In this case we’ve given the appearance of a larger organization with more than one stakeholder making compromises on behalf of our customer. They feel taken care of, that we’ve gone “above and beyond” to help them with their budget concerns and getting them a great deal. They can go to their boss and proclaim victory, their ego satiated.
In the early days when I was still solo I spent an inordinate amount of time on a deal with RingCentral. I had done multiple demos over the course of 6-8 months and it wasn’t until they hired Josh Hill, famous for his Marketing Rockstar Guides that any real progress was made. I had two demo calls with Josh and a few months later they closed.
Almost two years after that we were hosting a customer event at Marketo’s annual conference. Josh showed up and we finally met in person. I introduced myself and the first words out of his mouth were “oh, hey, you are the sales guy I talked to back when we bought Siftrock.” He was surprised to learn I was actually a founder. In his mind I was a cog in a bigger machine, and that perception was key in closing the deal.

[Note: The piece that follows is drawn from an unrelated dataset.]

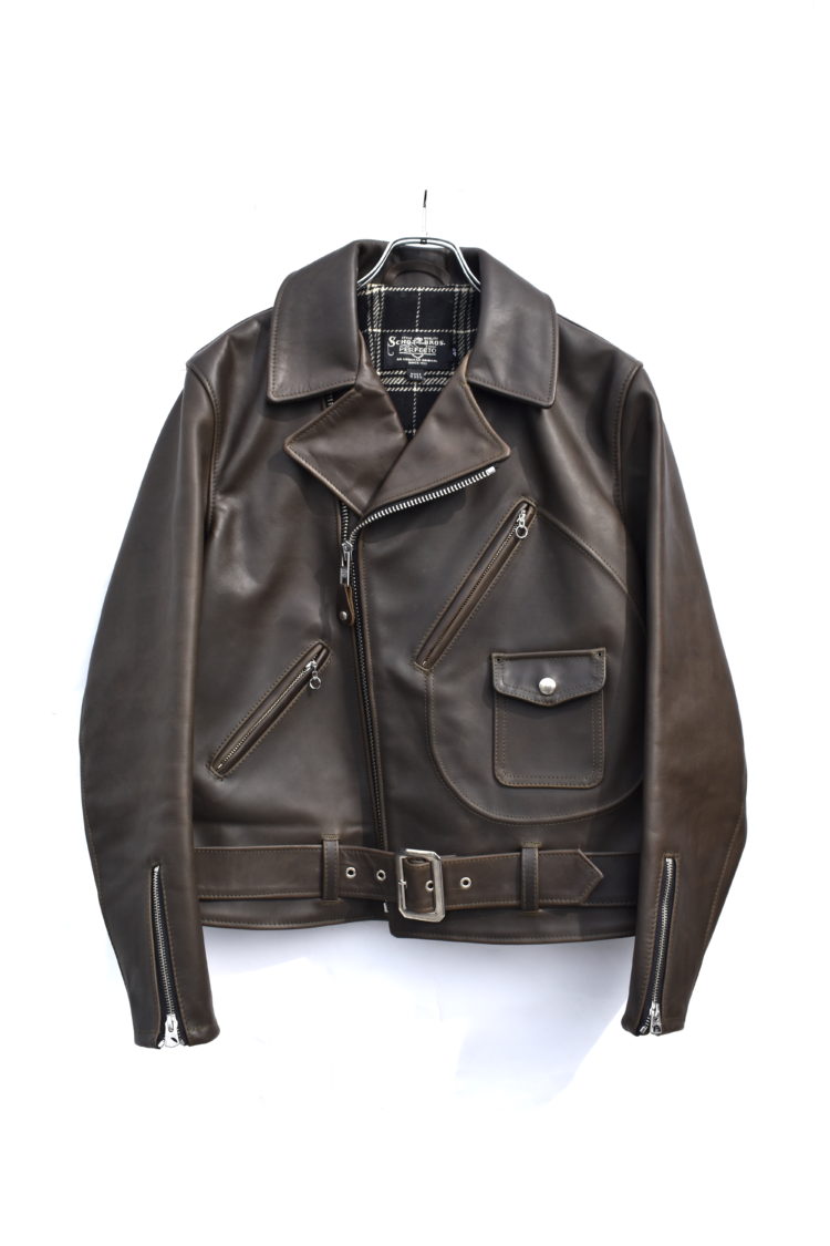 ≪ショット≫2024年秋冬から登場した、黒っぽいようでもありオリーブっぽくもある、独特な色味のブラウンが特徴的なライダースジャケットを紹介する。本アイテムは、《ショット》の代名詞である「ワンスター」よりもボックスのシルエットを採用し、50年代のディーポケットスタイルのライダースをモディファイドしている。クラシックなスタイルながら、見えないスナップボタンや着脱可能なベルト、エポレットを排除するなど、モダンな印象に仕上げている。素材には、米国ウィスコンシン州ミルウォーキーにある「セイデル社」でなめされた原皮を使用。「セイデルなめし革工場」は75年以上続いている、アメリカに残る数少ないなめし革工場のひとつ。美しいプルアップやセミベジタブルタンニン鞣しによって、まるでバターのような質感のカウレザーを生み出している。プルアップ加工は、革製品の表面に圧力を加えることで、その色や質感が変化する特殊な加工方法。革の表面に微細なシワや色の変化が生じ、使い込むほどに色合いや風合いが増すため、高級感や経年変化を存分に楽しめる。生産数に限りがあるそうなので、早めの検討をお勧めする。¥242,000(税込)

There will be customers who straight up ask “how big is your company?” Trust is a big deal, and in these cases it’s best to be as transparent as possible. You should have a canned response ready. Here is mine from the early days when I was still solo:
Believe it or not it’s just me working on this daily right now. I’ve been fortunate to have worked in many technical and executive roles at other startups and decided to try the bootstrap route. I have a great network of advisors and outside help, and am planning to build a team organically when the time is right. Fixed costs are very low and I’ve invested enough personal capital to run independently for several years. I believe in this product and am targeting early adopters who value a personal relationship with the founder and the benefits that come along with it, not the least of which is helping decide on major pieces of functionality that will bring you immediate value.
The bottom line from here: your product better have a ton of value / solve a critical pain or the customer will have a tough time making the required leap of faith.